Heritage Radio is the food-focused internet radio station that broadcasts from a studio attached to Roberta's in Bushwick. Every week, many of the big players in the food world host and appear on shows, and oftentimes they reveal interesting tidbits about their work. Here's a guide to five notable pieces of programming from the last week:
1) Dave Santos at The Greenmarket: This week, Word of Mouth host Leiti Hsu makes a greenmarket run with chef Dave Santos of Louro in the West Village, where they talk about his sentimental connections to the name of his restaurant:
[My Uncle] was always laughing, always smiling, always teasing me, and it always just kind of brought a smile to your face all the time. So when I visited [my uncle] and my aunt in France, he had this giant louro tree, this French bay leaf tree, which I love--bay leafs. He decided when I left to give me clippings of the bay leaf tree, and we brought it back to my mother who has an amazing green thumb, and she sprouted them, planted them, and we have three pretty big bay leaf trees now in my house in Jersey.[Photo]

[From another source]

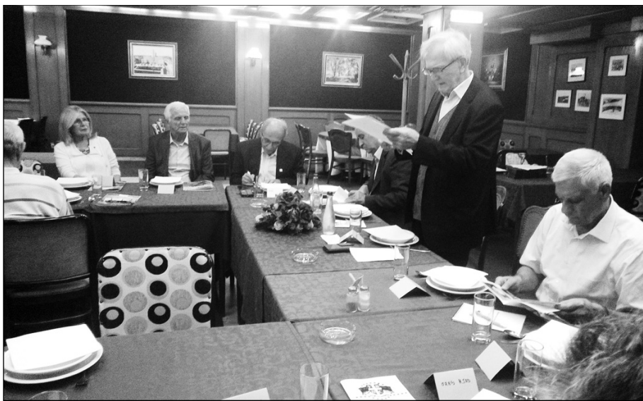
Део учесника свечаног скупа

Општинска организација УВПС Земун убраја се у оне које без већих осцилација испуњавају своје програмске и статутарне обавезе. Њихов рад би могао да се дефинише народном изреком „Тија вода брег рони“.

2) Chef Advice: HRN reporter Sari Kamin approached chefs at the Second Helping of Life event, asking what advice they would give to their former selves. Here's what Amanda Freitag wishes she had known as a younger chef:
I would've said, "Don't stay as long." I think I stayed in jobs too long. I would have said, "Keep moving." I would have said, "Travel more." But, I also wouldn't listen, so it doesn't matter. I wouldn't have listened to myself.[Photo: Facebook]
3) Mark Egerman of Restaurant Payment App Cover: The host of The Business of the Business, Phil Colicchio, chats with Mark Egerman of Cover. This new app that allows patrons of participating restaurants to split and pay for their bill through their phones rather than waiting for the check and splitting it eight ways, potentially eliminating one of the key miseries of brunch forever. Here's Mark:
New Yorkers spend a lot of money on their phones but the bottom line is that waving your phone in front of a register is not better than swiping your credit card. But we realized that mobile payments weren't taking off because they weren't an improvement on the status quo. Restaurants have this horrible status quo in terms of prices for restaurants, also it's not a great customer experience — you have to wait for the check, they bring you the check, you have to put down a bunch of cards, they take them away, they bring them back, they give you some paper, you have to do some math, they sign it, and then you go. And we thought, "We can beat that, not by pressing buttons on your phone, but by getting rid of the payment all together."[Photo]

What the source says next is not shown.